DATA:
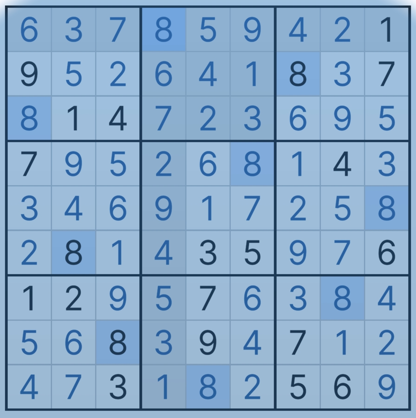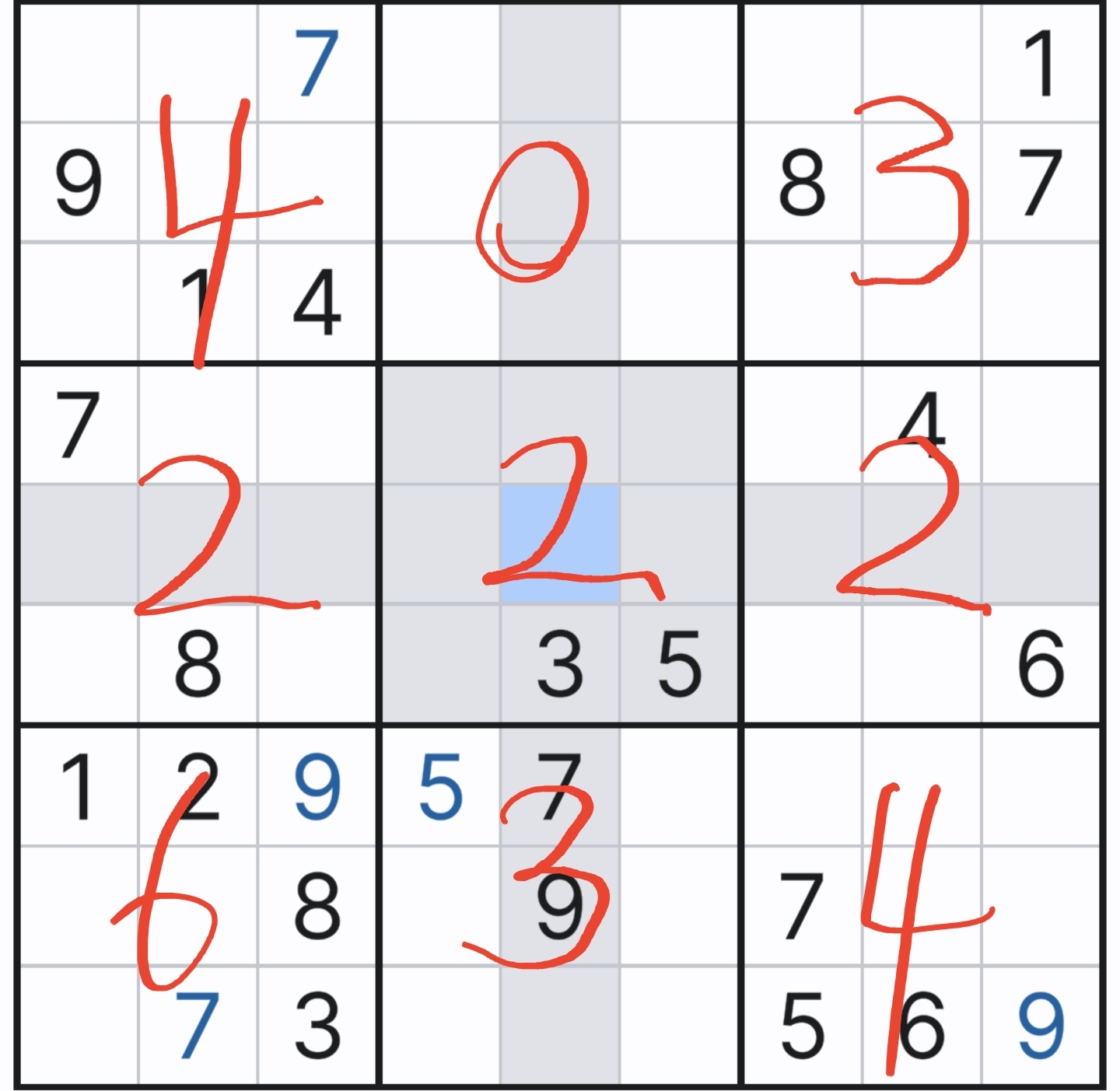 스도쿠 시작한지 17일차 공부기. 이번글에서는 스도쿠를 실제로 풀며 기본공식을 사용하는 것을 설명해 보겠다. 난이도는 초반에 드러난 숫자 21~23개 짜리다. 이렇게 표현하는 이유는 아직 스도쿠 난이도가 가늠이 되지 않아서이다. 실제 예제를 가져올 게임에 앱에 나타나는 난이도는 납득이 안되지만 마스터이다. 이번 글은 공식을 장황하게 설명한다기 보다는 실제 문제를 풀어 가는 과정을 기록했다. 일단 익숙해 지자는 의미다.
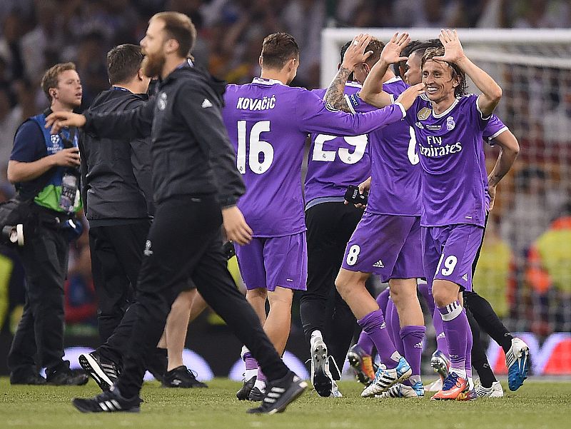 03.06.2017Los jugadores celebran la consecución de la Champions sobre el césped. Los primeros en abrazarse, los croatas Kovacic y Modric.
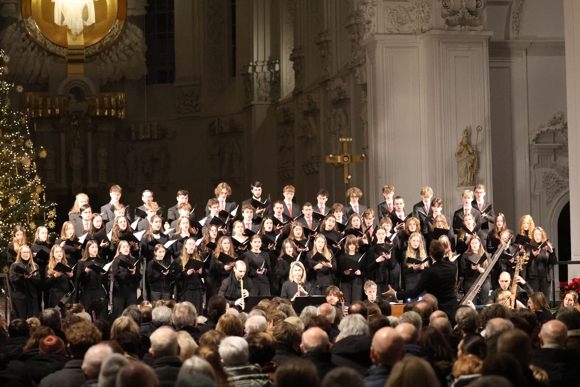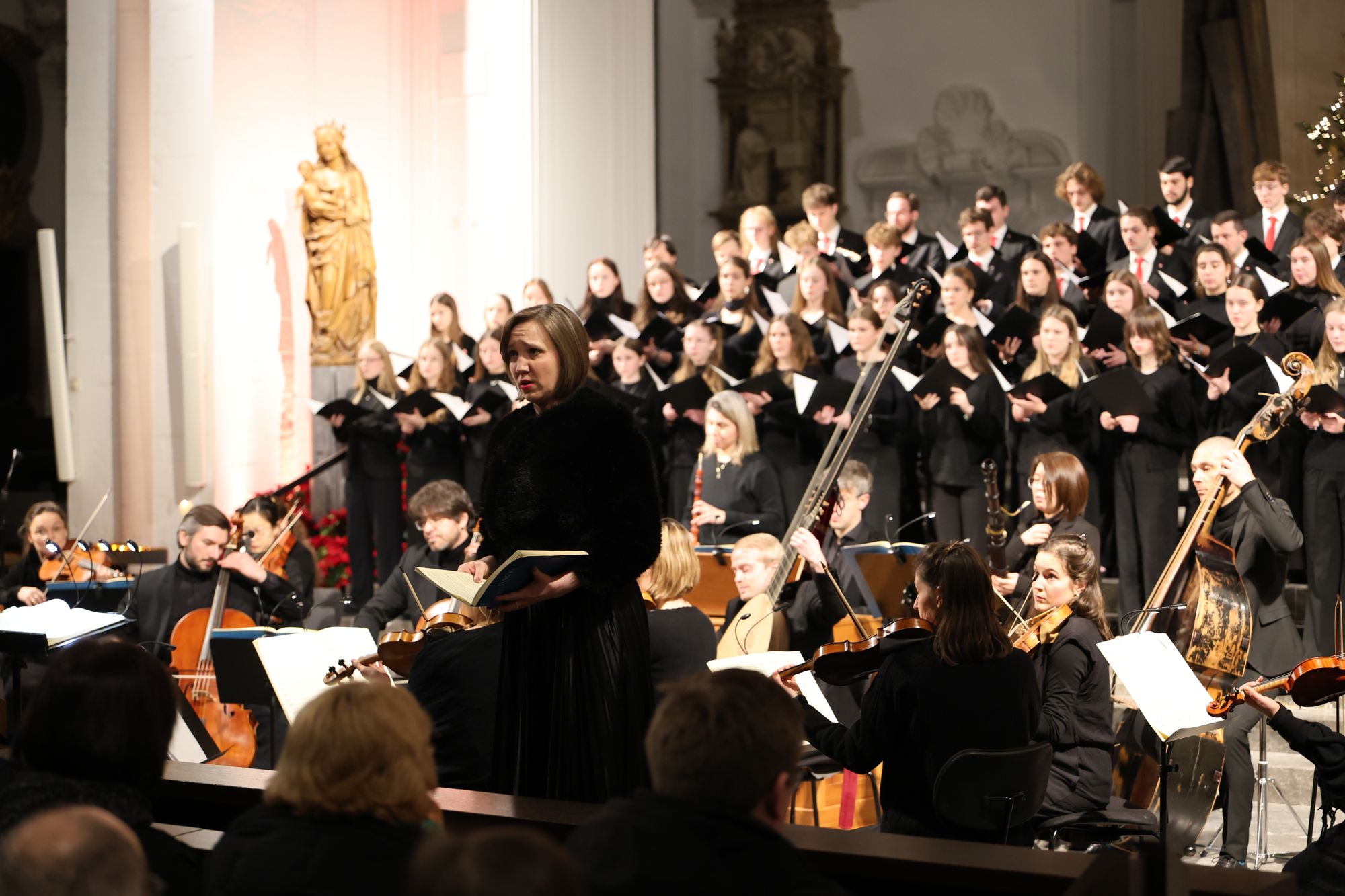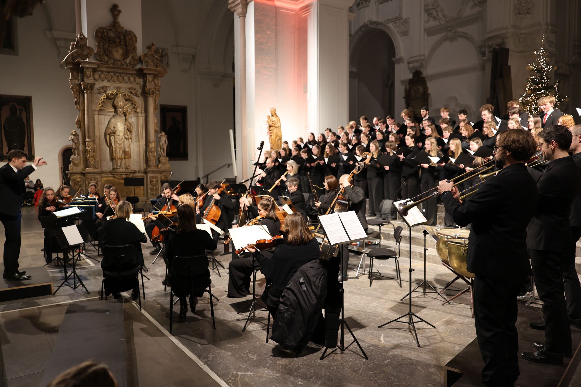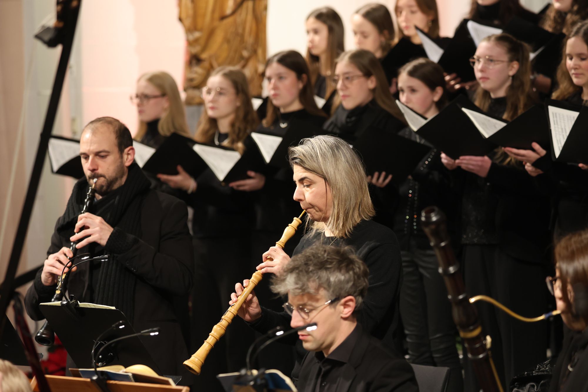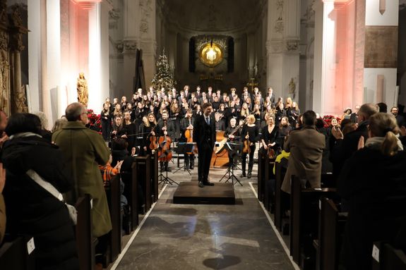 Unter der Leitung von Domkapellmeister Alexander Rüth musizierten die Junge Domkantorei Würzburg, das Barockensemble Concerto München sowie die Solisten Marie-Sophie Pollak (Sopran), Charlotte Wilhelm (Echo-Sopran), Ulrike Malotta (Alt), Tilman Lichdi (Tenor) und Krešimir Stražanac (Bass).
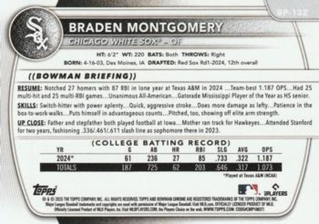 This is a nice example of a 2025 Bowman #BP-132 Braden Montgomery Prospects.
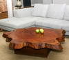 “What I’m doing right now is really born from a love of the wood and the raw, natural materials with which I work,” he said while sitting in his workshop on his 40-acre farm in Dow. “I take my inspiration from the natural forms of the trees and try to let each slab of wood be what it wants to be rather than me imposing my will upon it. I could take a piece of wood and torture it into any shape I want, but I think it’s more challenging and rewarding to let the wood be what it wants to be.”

EXERCISE DESCRIPTION: Begin at the first line of the entries and stop after the line holding "03.06.2017Los jugadores celebran"; repeat those lines exactly, but not the pictures.

TASK RESPONSE:
 스도쿠 시작한지 17일차 공부기. 이번글에서는 스도쿠를 실제로 풀며 기본공식을 사용하는 것을 설명해 보겠다. 난이도는 초반에 드러난 숫자 21~23개 짜리다. 이렇게 표현하는 이유는 아직 스도쿠 난이도가 가늠이 되지 않아서이다. 실제 예제를 가져올 게임에 앱에 나타나는 난이도는 납득이 안되지만 마스터이다. 이번 글은 공식을 장황하게 설명한다기 보다는 실제 문제를 풀어 가는 과정을 기록했다. 일단 익숙해 지자는 의미다.
 03.06.2017Los jugadores celebran la consecución de la Champions sobre el césped. Los primeros en abrazarse, los croatas Kovacic y Modric.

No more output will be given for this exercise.